When a colleague finally forwarded an inactive student to admin for support the other week the first thing they were asked to do was contact them in more ways. I’m sure everyone who isn’t trying to communicate on a strict weekly schedule of expectations with a many classes of students through the limited bandwidth of phones and online communications is very busy having meetings (I was dragged into no less than 4 last week and I’m a front line teacher), but those of us in the trenches would appreciate some immediate pickup rather than an attempt to off load even more onto us.
While I’m spending my own money on technology, heating, electricity, internet, telephone and burning through more sanity than I should in order to ‘be the education system’ for the sixth week in a row, I’m told that we now have a tentative contract because students need stability at a time like this. I’m not sure why they didn’t need stability last year, or why I had to take another strike day pay cut in the face in order to end up agreeing to what was being offered then anyway, but that looks like how it’s going to go. After a year of outright abuse which has included illegal bargaining (good faith bargaining is protected in the Canadian Charter of Rights & Freedoms, and there has been little of that this year) and repeatedly demeaning our profession, this government (when they aren’t making up fictitious stories about supporting students in remote learning) are going to use this pandemic to increase class sizes and cut learning supports.
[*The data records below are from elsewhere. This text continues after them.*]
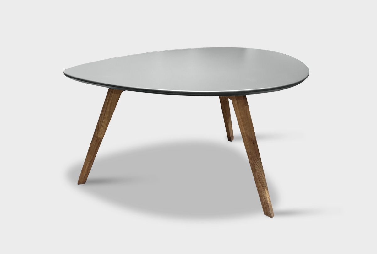 Журнальный стол Wallstreet (капля) в цвете «н-бейц-масло, стл-антрацит» выполнен в современном стиле Лофт с сочетанием текстуры натурального дерева и акцентного цвета стоолешницы.
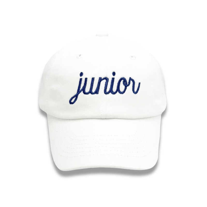 White baseball hat with "junior" embroidery. Soft-structured 6-panel design. Tuck strap with metal slide closure. 100% Cotton material. Baby-sized cap fits most children from ages 6-24 months old. Youth-sized cap fits most children from ages 2-7 years old.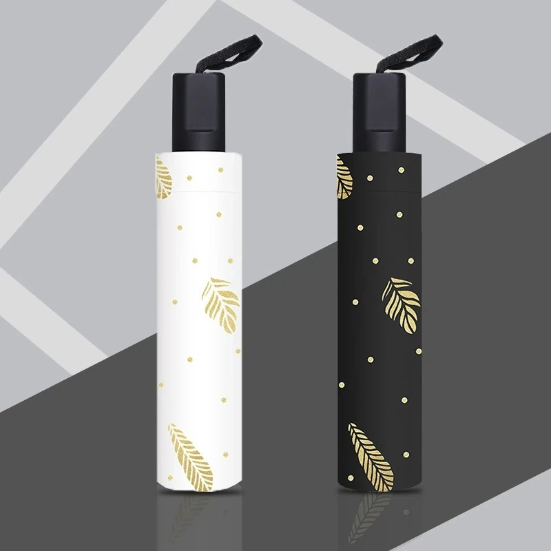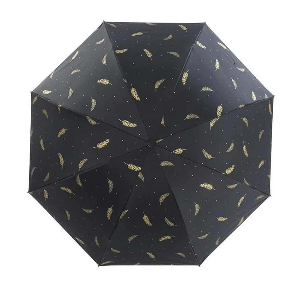(Paragua que cuenta con dos opciones y un hermoso diseño de hojas doradas. Cuando lo cierras se convierte en un tamaño pequeño y es ideal para llevarlo en tu cartera, mochila,etc, impidiendo que te agarre la lluvia).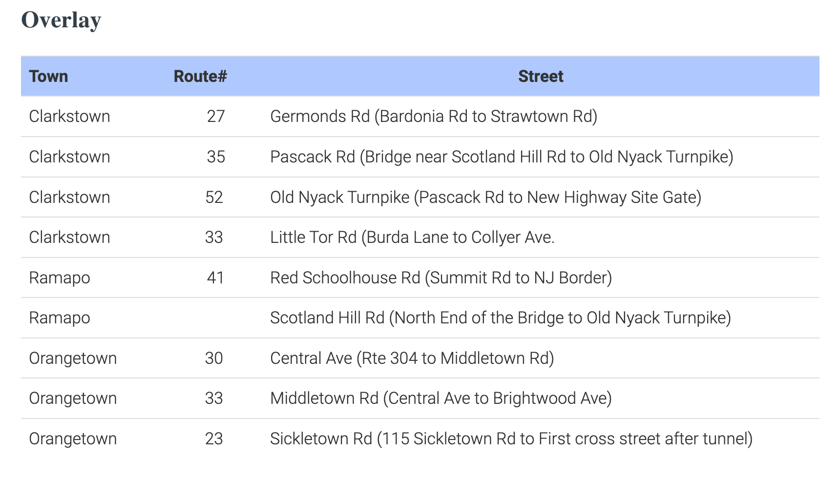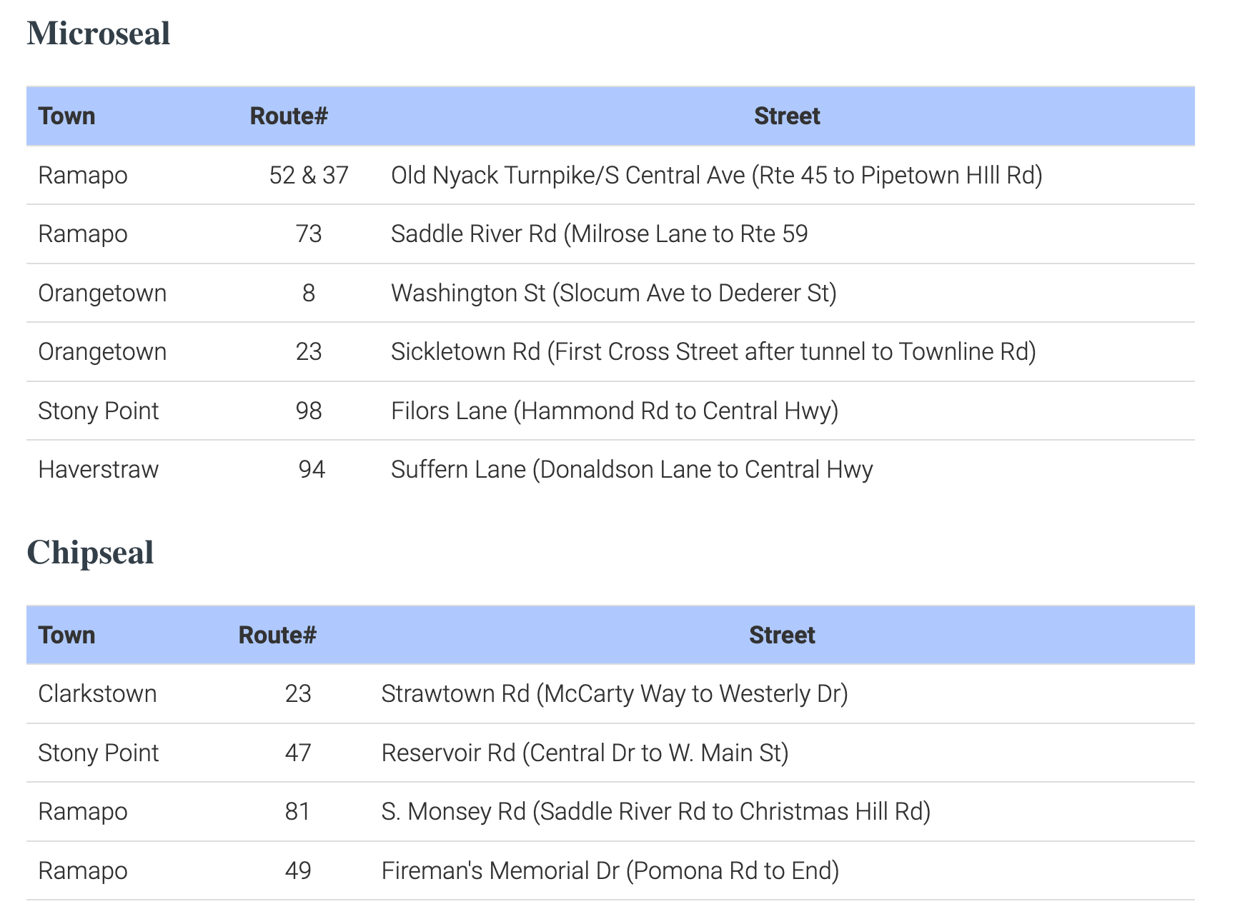ROCKLAND COUNTY, NY — Rockland County's 2022 paving plan for its county roads includes the resurfacing Wednesday of Reservoir Road from Central Drive to W. Main Street in the Town of Stony Point, weather permitting.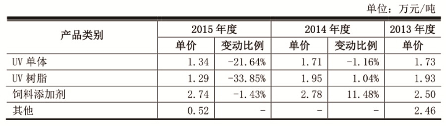 招股书显示,公司三大主营产品中,UV单体产品的销售价格2013-2015年分别为1.73万元/吨、1.71万元/吨和1.34万元/吨,该产品营业收入占2015年总营收的52.49%,为第一大主营,公司此次的募投项目也主要是拓展这块业务的领域。同时,UV树脂产品的销售价格2013-2015年分别为1.93万元/吨、1.95万元/吨和1.29万元/吨,该产品营业收入占2015年总营收的15.91%。饲料添加剂产品的销售价格2013-2015年分别为2.5万元/吨、2.78万元/吨和2.74万元/吨,该产品收入占2015年总营收的29.91%。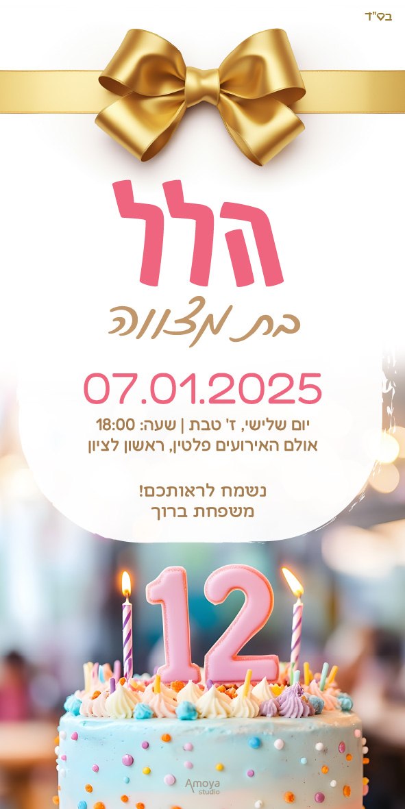 הזמנה מקצועית לבת מצווה – עוגה חגיגית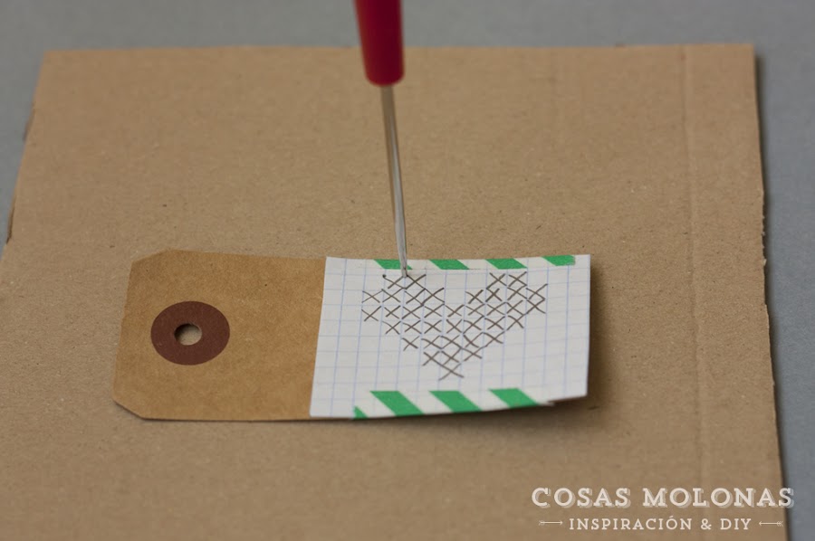 Luego habrá que perforar con un punzón o aguja gruesa el papel que queremos decorar, hay que hacerlo justo por el cruce de las lineas (tienes los pasos básicos abajo). Sencillísimo.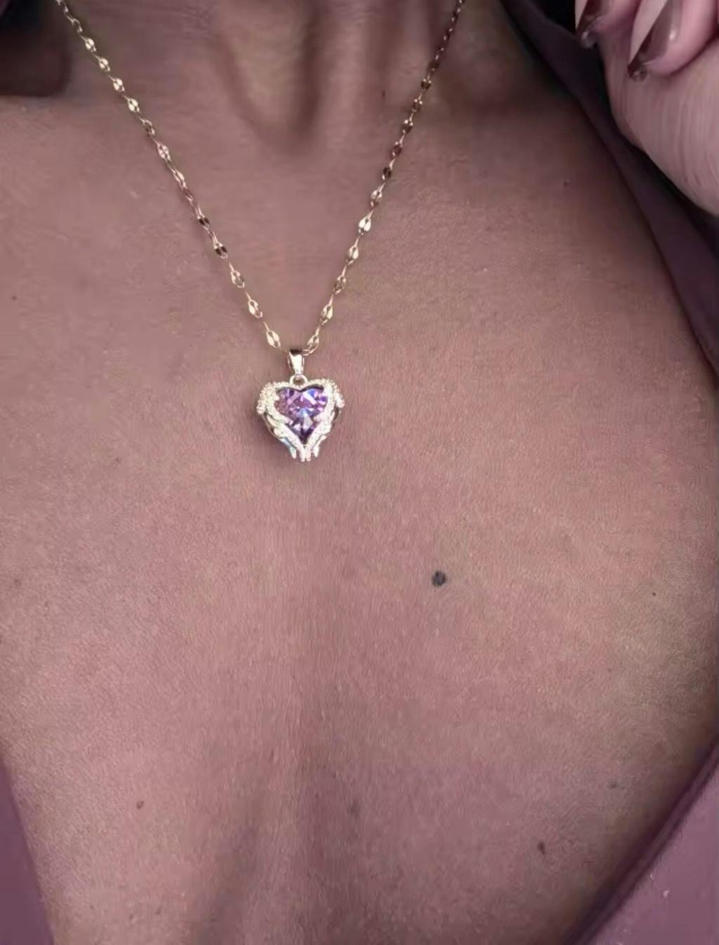 Crafted from high-quality stainless steel, these necklaces feature a beautiful heart-shaped pendant adorned with a breathtaking multicolored zircon diamond stone at its center. The adjustable length ensures a comfortable fit for anyone.
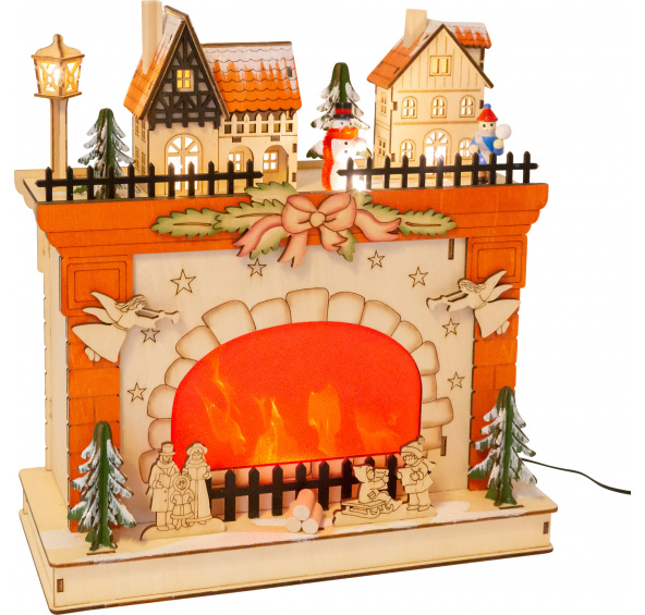 Rozměry: 30x13x32 cm Materiál: dřevo Napájení: USB Dekorativní osvětlení pro chladné zimní dny. Tato lampa zaujme zákazníky vizuálním ohništěm v jemných červených tónech a podrobnými vánočními ozdobami vyrobenými z kvalitně vyrobeného dřeva. Díky tomu oheň a malá zimní vesnice na horní straně svítí teplým světlem. Elektronické osvětlení je napájeno přes port USB. Hlavní vlastnosti: elektronické osvětlení je napájeno přes port USBvytváří kouzelnou adventní atmosférupropracované detaily

We haven’t heard the details yet. I’m sure we’ll get a very streamlined process designed to force compliance. It’s hard to work in a system where trust has been compromised in so many places. I just have to remember what’s most important: don’t let it hurt the kids, though at some point I’ll have taken so many bullets that I don’t think I won’t be able to take any more.
It hasn’t been a great week three in remote learning during a pandemic.